Kanzi, who died in 2025 at the age of 44, was not just another statistic. He was a celebrity in cognitive science, and his home was the Ape Initiative research center in Iowa. He didn’t learn language mechanically, but rather “absorbed” it by observing his adoptive mother, Matata, and human researchers, much like small children learn. He learned to communicate using lexigrams – a special keyboard with hundreds of abstract symbols – understood hundreds of English words, was able to make a stone tool, and responded to complex sentence instructions.
Bonobos, often mistakenly considered merely a subspecies of chimpanzee, are now recognized as a distinct species that diverged from chimpanzees one to two million years ago. Often nicknamed the “hippies of the rainforest,” bonobos are known for their complex social dynamics and conflict resolution through social contact rather than aggression. This complex social structure and the need to “read” other members of the group may have been an evolutionary basis for their high intelligence.
Indications of animal imagination existed previously, but lacked definitive proof. Primatologist Richard Wrangham previously documented chimpanzee females carrying sticks in a manner strikingly reminiscent of caring for infants – as if they were playing with dolls. An earlier 2006 study by Heidi Lyn’s team suggested that representational play appears primarily in great apes who have undergone symbolic training.

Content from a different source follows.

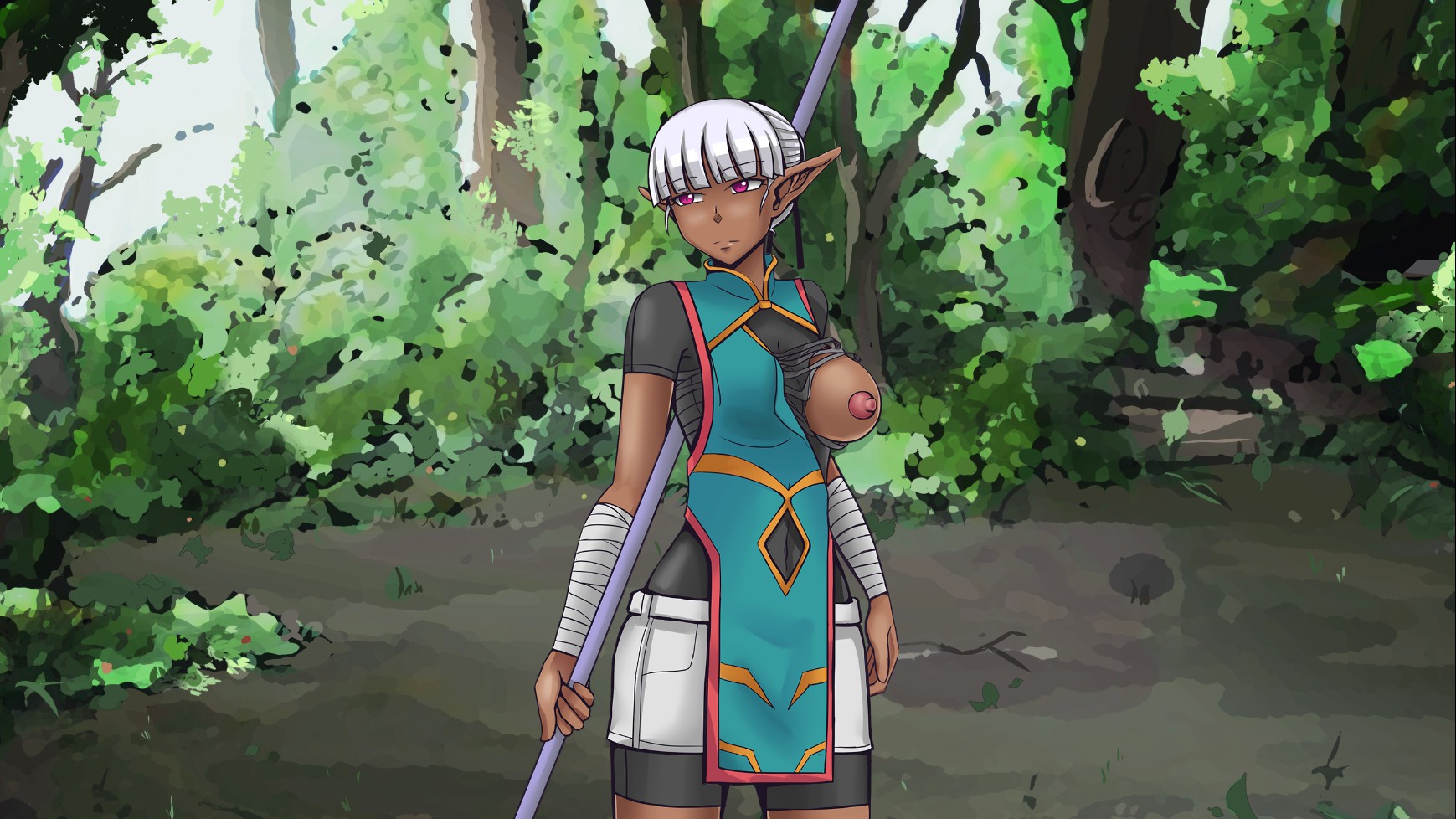 Fight slimes with a dark elf, accidentally hypnotize her, and have sexy encounters in an erotic visual novel!

Combining these fragments of evidence with the 2026 experimental data moves the debate forward. It does not imply that great apes have the same, expansive imagination as humans. But it does suggest that the ability to create “second worlds” in the mind likely did not arise only with the emergence of Homo sapiens. Its roots may go back as far as 6 to 9 million years, to the common ancestor of all of us. Kanzi’s invisible juice, does not signify the end of the differences between us and them, but shows that the gap between the human and non-human mind is much shallower than we have long believed.